Sunday, February 01, 2009

Asynchronous Write Behinds and the Repository Pattern

The following is a typical implementation of service methods of the domain model of an application. The Repository is injected and is used to persist the domain model or lookup objects from the underlying store. The entire storage and the mechanics of the underlying retrieval is abstracted within the DAO / Repository layer.

public class RestaurantServiceImpl implements RestaurantService {

  @Autowired
  public RestaurantServiceImpl(..) {
    //..
  }

  // injected
  private final RestaurantRepository restaurantRepo;

  public void storeRestaurants(List<Restaurant> restaurants) {
    restaurantRepo.store(restaurants);
  }
}


In a typical layered architecture, the database often proves to be the hardest layer to scale. And in the above implementation, restaurantRepo.store() is a synchronous method that keeps you in abeyance till the data gets persisted across all the layers of your architecture down to the bits and pieces of the underlying relational store. Of course it can be any other store as well - after all, the repository is an abstraction, so it doesn't matter to the application whether you use a relational database, a native file system or a document database underneath. But you get the idea, synchronous communication with the database / hard disk often turns out to be the bottleneck here.

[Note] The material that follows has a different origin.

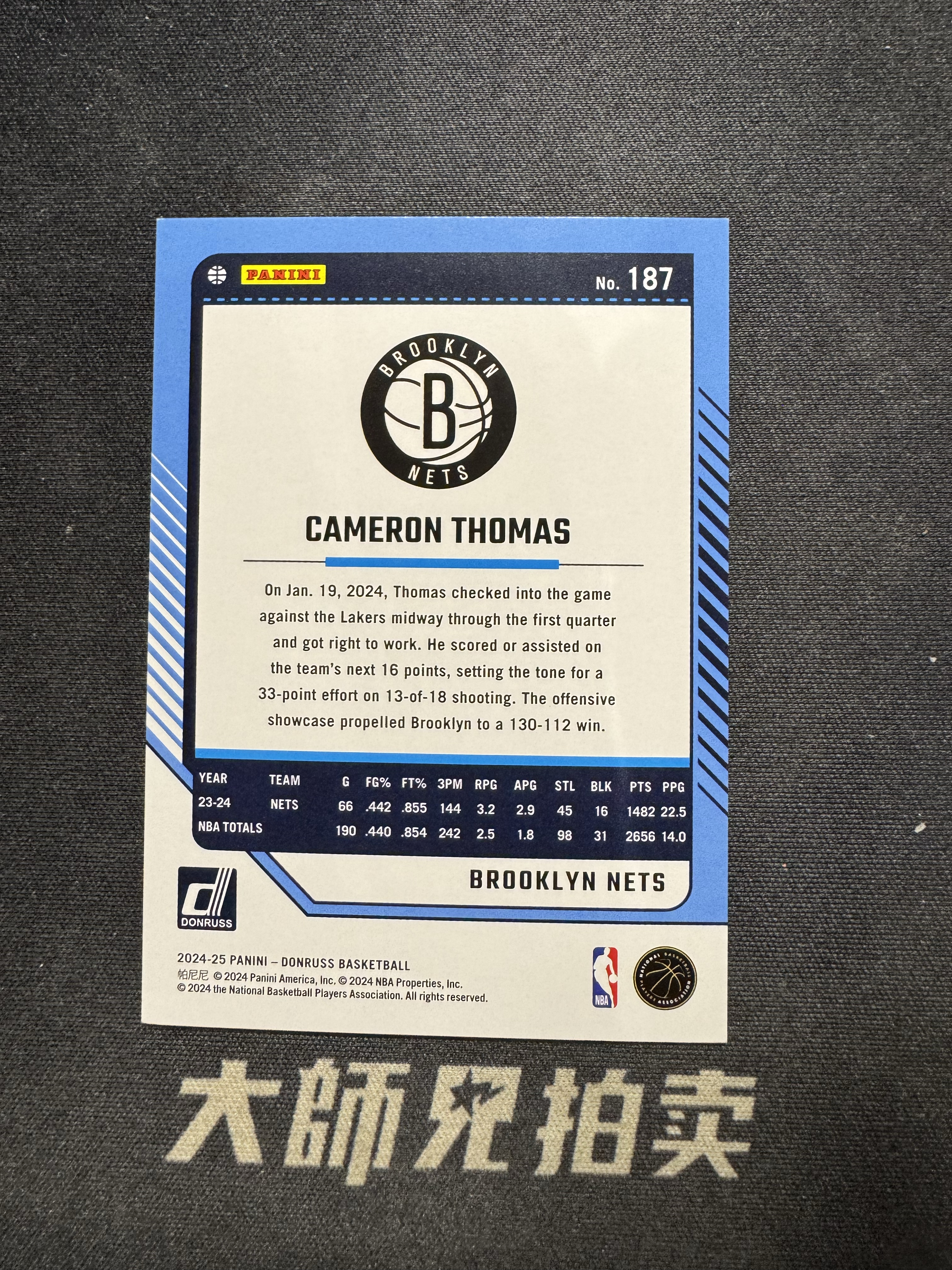 【大师兄拍卖】2024-25 Panini Donruss CAMERON THOMAS 篮网 卡梅隆 托马斯 杜蕾斯 /49编 蓝折 蓝mojo折 通行品 -有于-

Terracotta provides a nice option of virtualizing your interaction with the database. Async tim (Terracotta Integration Module) provides asynchronous write behind to the database, while the application works on in-memory data structures. Terracotta offers network attached memory with transparent JVM clustering that allows data structures to be *declaratively* clustered. The value proposition here is that, the user can work on the object model, using POJOs, delegating the concerns of persistence to an asynchronous Terracotta process.

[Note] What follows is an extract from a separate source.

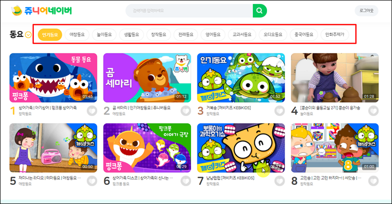 인기 있는 동요 곡 모음이 나타났어요. 요즘 아이들에게 인기 있는 상어가족, 곰 세마리, 거북송, 콩순이 응가송, 재미나느 라디오, 상어가족 디스코 등이 보이네요. 클릭하면 바로 감상이 가능해요.

Here is an example of the above service extended to handle asynchronous write behinds ..

public class AsyncRestaurantServiceImpl extends RestaurantServiceImpl {

  // need to be clustered
  @Root
  private final AsyncCoordinator<Restaurant> asyncCommitter =
    new AsyncCoordinator<Restaurant>(new RestaurantAsyncConfig(), new NeverStealPolicy<ExamResult>());

  // dependency injected
  private final RestaurantCommitHandler handler;

  @Autowired
  public AsyncRestaurantServiceImpl(..) {
    super();
    asyncCommitter.start(handler, ..);
  }

  @Override
  public void storeRestaurants(List<Restaurant> restaurants) {
    asyncCommitter.add(restaurants);
  }

  //.. other methods
}


The AsyncCoordinator<> is the agent that handles the persistence asynchronously in the background. The class RestaurantCommitHandler contains the actual code that writes the collection of Restaurants to the database. RestaurantCommitHandler implements ItemProcessor<> - instances of ItemProcessor gets bucketed and throttled asynchronously for database commits, while the application continues by adding the objects to be persisted to a POJO.

@Service
public class RestaurantCommitHandler implements ItemProcessor<Restaurant> {
  //..
}


Now, we can take this one step further. The Repository is supposed to abstract the handling of the storage and retrieval - why not abstract the asynchronous persistence within the repository itself and keep the service implementation clean. Then it becomes simply injecting the proper repository to enable asynchrony at the service layer ..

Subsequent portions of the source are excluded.